§ **Instructions to follow**
Omit all pictures, then print the entries exactly.

[[ Records for this task, beginning ]]

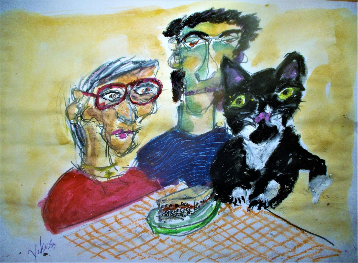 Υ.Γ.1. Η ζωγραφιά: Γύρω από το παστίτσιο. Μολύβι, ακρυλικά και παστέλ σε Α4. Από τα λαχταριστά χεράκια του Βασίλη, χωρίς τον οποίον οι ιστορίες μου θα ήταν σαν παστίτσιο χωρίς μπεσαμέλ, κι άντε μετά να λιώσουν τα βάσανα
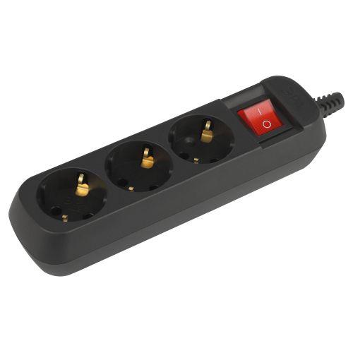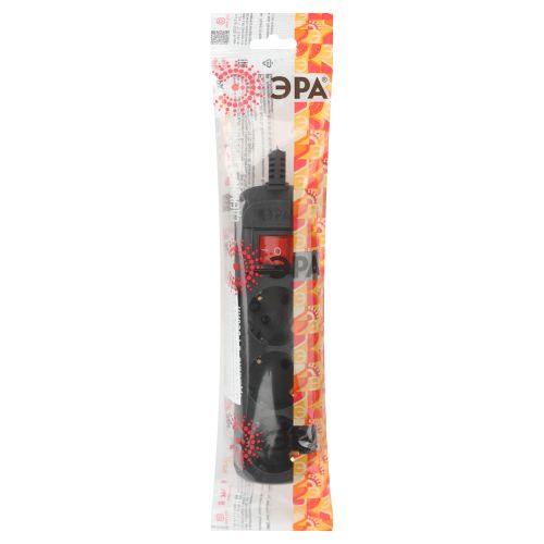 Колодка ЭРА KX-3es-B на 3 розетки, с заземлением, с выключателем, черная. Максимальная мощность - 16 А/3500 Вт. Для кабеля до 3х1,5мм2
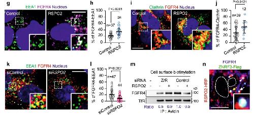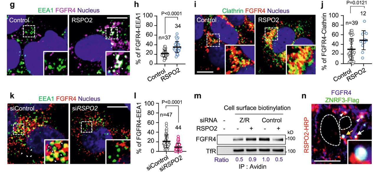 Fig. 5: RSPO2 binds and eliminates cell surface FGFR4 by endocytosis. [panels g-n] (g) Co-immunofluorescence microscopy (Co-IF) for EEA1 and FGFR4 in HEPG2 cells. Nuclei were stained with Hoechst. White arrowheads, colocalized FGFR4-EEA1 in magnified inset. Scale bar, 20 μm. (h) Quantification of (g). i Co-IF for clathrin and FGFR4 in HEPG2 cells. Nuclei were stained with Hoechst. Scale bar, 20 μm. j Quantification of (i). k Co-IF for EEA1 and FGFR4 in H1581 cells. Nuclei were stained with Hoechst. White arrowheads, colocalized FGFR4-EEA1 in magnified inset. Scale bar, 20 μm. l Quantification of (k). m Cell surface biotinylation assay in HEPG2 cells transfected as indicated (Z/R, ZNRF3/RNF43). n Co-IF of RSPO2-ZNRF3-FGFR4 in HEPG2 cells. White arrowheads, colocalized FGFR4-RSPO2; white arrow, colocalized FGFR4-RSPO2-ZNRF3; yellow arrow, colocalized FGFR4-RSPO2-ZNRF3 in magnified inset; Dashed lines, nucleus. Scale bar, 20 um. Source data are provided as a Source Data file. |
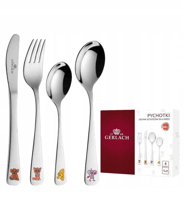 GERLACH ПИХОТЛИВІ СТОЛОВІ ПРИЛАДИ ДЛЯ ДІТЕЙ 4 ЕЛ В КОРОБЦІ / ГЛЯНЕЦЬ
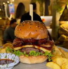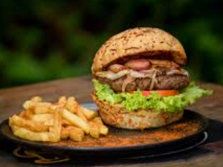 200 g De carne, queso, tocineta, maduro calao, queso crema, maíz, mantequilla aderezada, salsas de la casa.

[[ Records for this task, end ]]

§ **Solution to this task**
 Υ.Γ.1. Η ζωγραφιά: Γύρω από το παστίτσιο. Μολύβι, ακρυλικά και παστέλ σε Α4. Από τα λαχταριστά χεράκια του Βασίλη, χωρίς τον οποίον οι ιστορίες μου θα ήταν σαν παστίτσιο χωρίς μπεσαμέλ, κι άντε μετά να λιώσουν τα βάσανα
 Колодка ЭРА KX-3es-B на 3 розетки, с заземлением, с выключателем, черная. Максимальная мощность - 16 А/3500 Вт. Для кабеля до 3х1,5мм2
 Fig. 5: RSPO2 binds and eliminates cell surface FGFR4 by endocytosis. [panels g-n] (g) Co-immunofluorescence microscopy (Co-IF) for EEA1 and FGFR4 in HEPG2 cells. Nuclei were stained with Hoechst. White arrowheads, colocalized FGFR4-EEA1 in magnified inset. Scale bar, 20 μm. (h) Quantification of (g). i Co-IF for clathrin and FGFR4 in HEPG2 cells. Nuclei were stained with Hoechst. Scale bar, 20 μm. j Quantification of (i). k Co-IF for EEA1 and FGFR4 in H1581 cells. Nuclei were stained with Hoechst. White arrowheads, colocalized FGFR4-EEA1 in magnified inset. Scale bar, 20 μm. l Quantification of (k). m Cell surface biotinylation assay in HEPG2 cells transfected as indicated (Z/R, ZNRF3/RNF43). n Co-IF of RSPO2-ZNRF3-FGFR4 in HEPG2 cells. White arrowheads, colocalized FGFR4-RSPO2; white arrow, colocalized FGFR4-RSPO2-ZNRF3; yellow arrow, colocalized FGFR4-RSPO2-ZNRF3 in magnified inset; Dashed lines, nucleus. Scale bar, 20 um. Source data are provided as a Source Data file. |
 GERLACH ПИХОТЛИВІ СТОЛОВІ ПРИЛАДИ ДЛЯ ДІТЕЙ 4 ЕЛ В КОРОБЦІ / ГЛЯНЕЦЬ
 200 g De carne, queso, tocineta, maduro calao, queso crema, maíz, mantequilla aderezada, salsas de la casa.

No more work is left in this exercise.